First turn to me after a shower,
you come inside me sideways as always
in the morning you ask me to be on top of you,
then we take a nap, we're late for school
you arrive at night inspired and drunk,
there is no reason for our clothes
we take a bath and lie down facing each other,
then later we turn over, finally you come
The hypnotic, incantatory couplets track a potentially endless series of couplings, of sexual (re)turns, positions, and occasions; also tracked here are the erotics of poetic turns:
we lie together one night, exhausted couplets
and don't make love. does this mean we've had enough?

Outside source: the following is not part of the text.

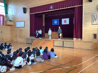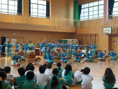 そして、会の中で楽しい学校紹介をした5年生。迫力満点の松小太鼓を披露した6年生。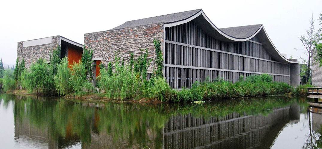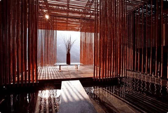 這座建筑是日本建筑設計師隈研吾的作品,叫“竹屋”。按照傳統做建筑,首先要做“三通一平”,“七通一平”,但這座建筑是建在一條山溝上,充分地利用地形建造,下面一層在山溝的底下,上面一層在山溝的上面。這座建筑的外表都用用竹子包起來,隈研吾認為,竹子是中國的符號和象征,在世界任何地方看到竹子,人們就會想到中國,在長城邊上建這樣一座建筑是很有意義的,長城又是農業文明和牧業文明的分水嶺,為了避免兩個文明的沖突所以建立起了長城;現在世界面臨的問題是東方文化和西方文化的沖突,東西方只有聯起手恢復信任,消除敵意,世界才能和平,才能向前發展。

As Blake wrote, "Enough! Or Too Much!" Yet the "exhausted couplets" revive and the poet resumes:
watching t.v. we wonder if each other wants to
interrupt the plot; later I beg you to read to me
like the Chinese we count 81 thrusts
then 9 more out loud till we both come
I come three times before you do
and then it seems you're mad and never will
it's only fair for a woman to come more
think of all the times they didn't care
In a kind of New York School Kama Sutra, verse here re-verses and returns the lovers to a longer history of heterosexual couplings, the counting of thrusts, orgasms, and couplings turning into a deeper erotic accounting of what it is and has been to come together (or not) and to care or not care. Turning through the many ways of caring and coupling, Mayer offers a demotic tour de force. One turns to share the transport, and if one is lucky, someone's there.